Sent from my SGH-I317 using Tapatalk 4 Beta


----------



## cybertron12 (Jul 25, 2013)

*HTC ONE V vs. HTC Desire X*

Which of the two
http://www.phonearena.com/phones/compare/HTC-Desire-X,HTC-One-V/phones/7453,6850


----------



## bbrad (Jul 25, 2013)

cybertron12 said:


> Which of the two
> http://www.phonearena.com/phones/compare/HTC-Desire-X,HTC-One-V/phones/7453,6850

Click to collapse



Htc one v the desires is horrible just let them die.

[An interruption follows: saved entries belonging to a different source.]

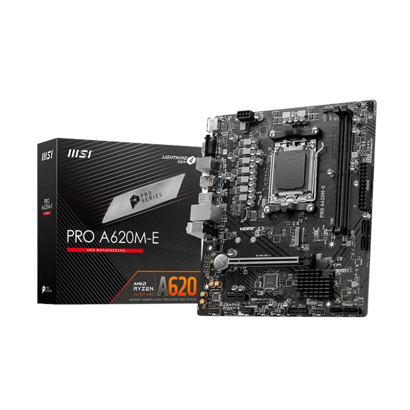 • MSI PRO A620M-E AMD AM5 mATX Gaming Motherboard – Black x1
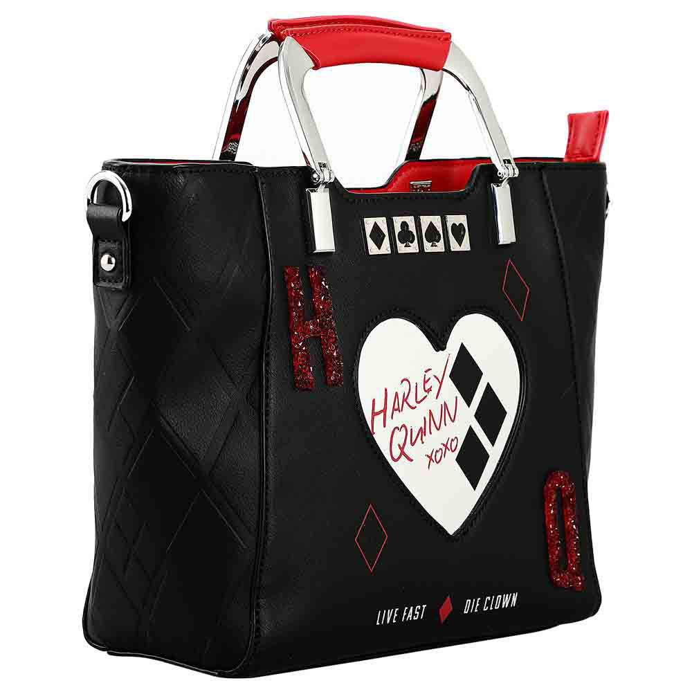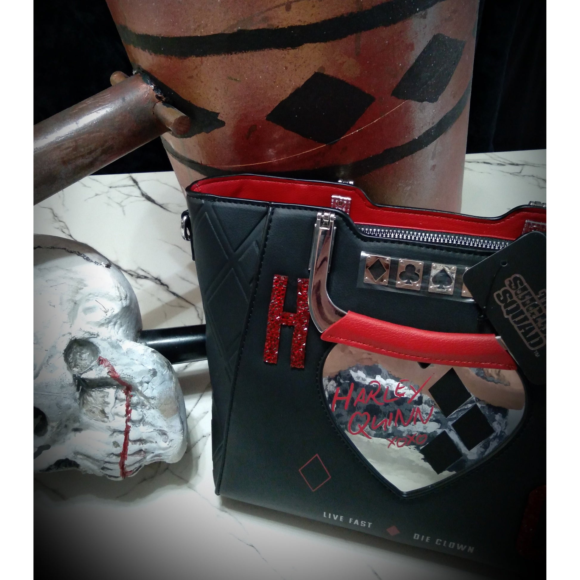 The DC Comics Suicide Squad Harley Quinn Metallic Heart Handbag is a stylish and eye-catching accessory that is perfect for fans of the popular comic book series and the movie.
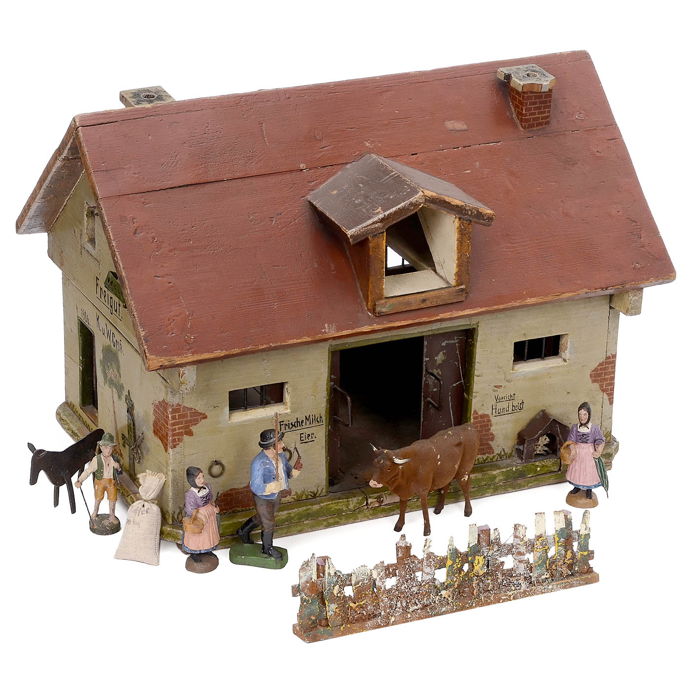 Stable building, wood, hand-painted, 4 sliding doors, many details, removable roof, total dimensions 21 2/3 x 14 ½ x 15 3/5 in., 36 figures (farmers, chickens, pigeons, horses, cows and other animals), manufactured by Elastolin, Lineol and others.
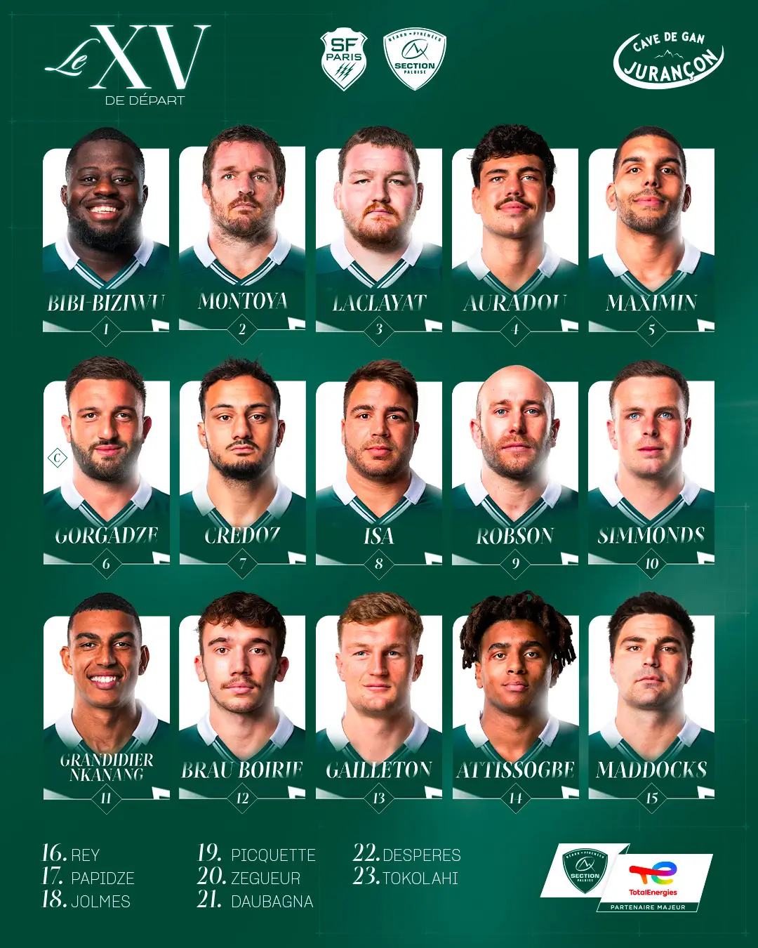 Section : Maddocks - Attissogbe, Gailleton, Brau-Boirie, Grandidier-Nkanang - (o) Simmonds, (m) Robson - Credoz, Isa, Gorgadze (cap) - Maximin, Auradou - Laclayat, Montoya, Bibi-Biziwu
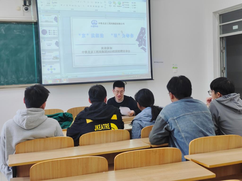 为进一步促进2023届毕业生就业,扎实做好毕业生就业服务工作,10月12日下午建筑学院在致知楼A107举办中铁北京工程局集团城市轨道交通工程有限公司专场宣讲会暨招聘会,2023届毕业生积极参加。
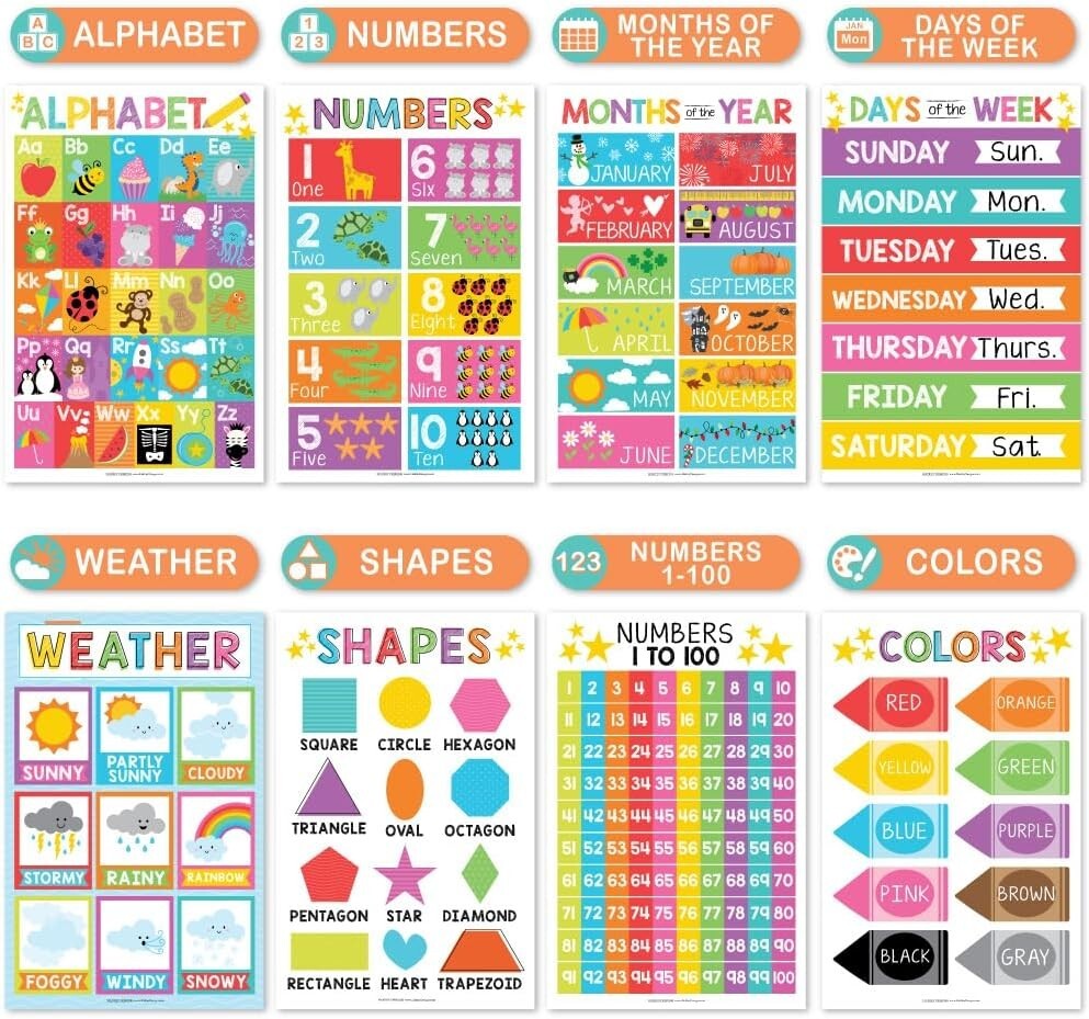 Educational Posters for Classroom Kindergarten - ABC Alphabet, Shapes, Worl...
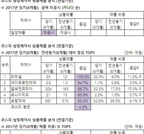 - 올해 상반기 코스닥상장 제약사의 전년동기대비 평균 상품매출 증가율이 코스피상장제약사보다 높은 것으로 나타났다. 매출대비 ...
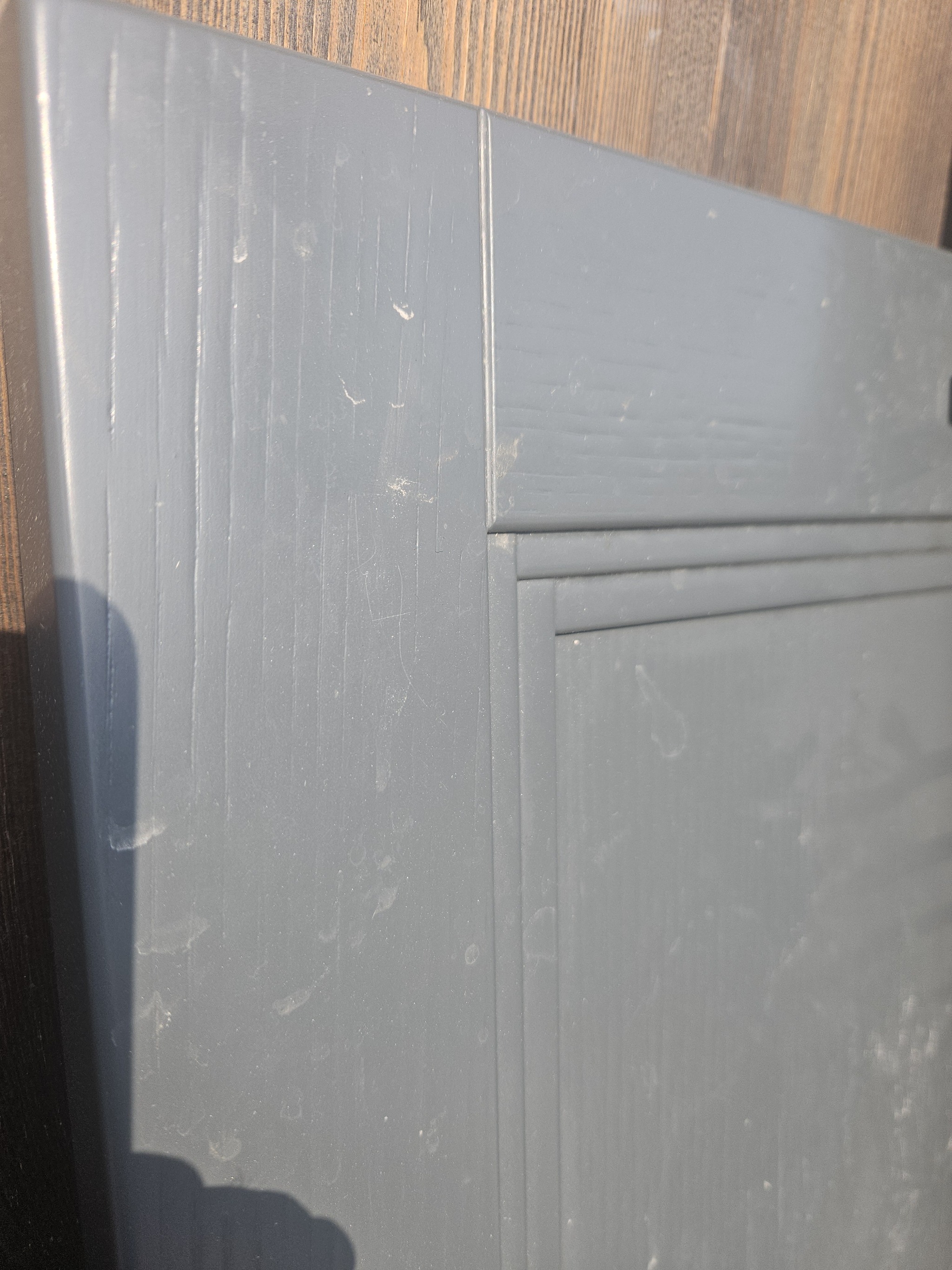 Купили квартиру в ипотеку, сделали косметический ремонт, и хотим перекрасить фасады кухни, т.к. темно-серый цвет кухни подходит) Фасады похожи на шпон под эмалью, на мой взгляд.
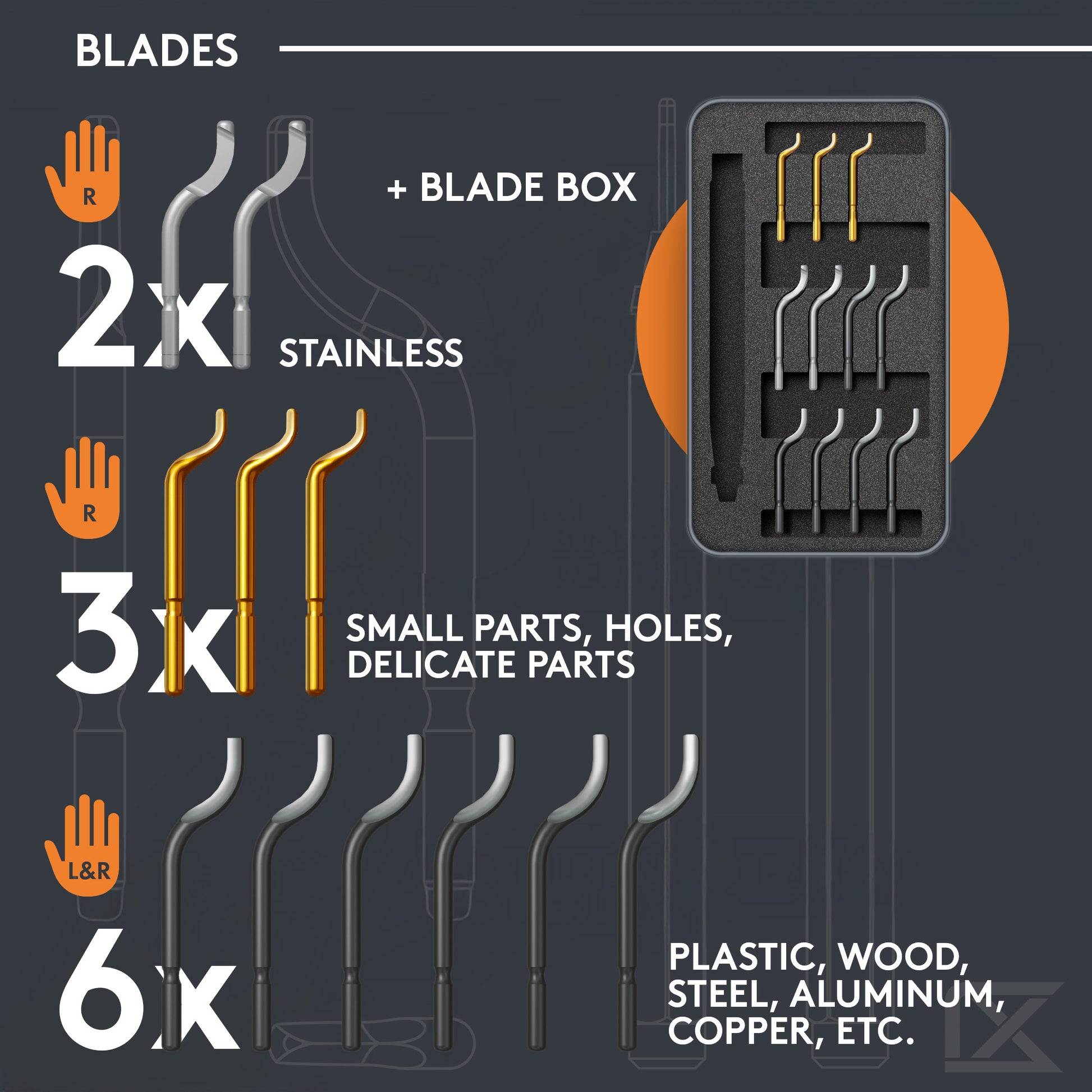 - Inkluderer 11 slidstærke HSS-klinger med 360° rotation

Sent from my SCH-I500 using Tapatalk 2


----------



## cybertron12 (Jul 25, 2013)

bbrad said:


> Htc one v the desires is horrible just let them die.
> 
> Sent from my SCH-I500 using Tapatalk 2

Click to collapse



Desire got Dualcore and more ram  sooo i dont know wich one
and the One V is just single core.:cyclops:
Both of them are around the same price
still dont know.
just want a good reason for the phones


----------



## bbrad (Jul 25, 2013)

cybertron12 said:


> Desire got Dualcore and more ram  sooo i dont know wich one
> and the One V is just single core.:cyclops:
> Both of them are around the same price
> still dont know.
> just want a good reason for the phones

Click to collapse



My dad had a desire the software was painfully slow has almost no support and is cheap. Just sharing my input the one v has a newer CPU plus newer version of android and better support.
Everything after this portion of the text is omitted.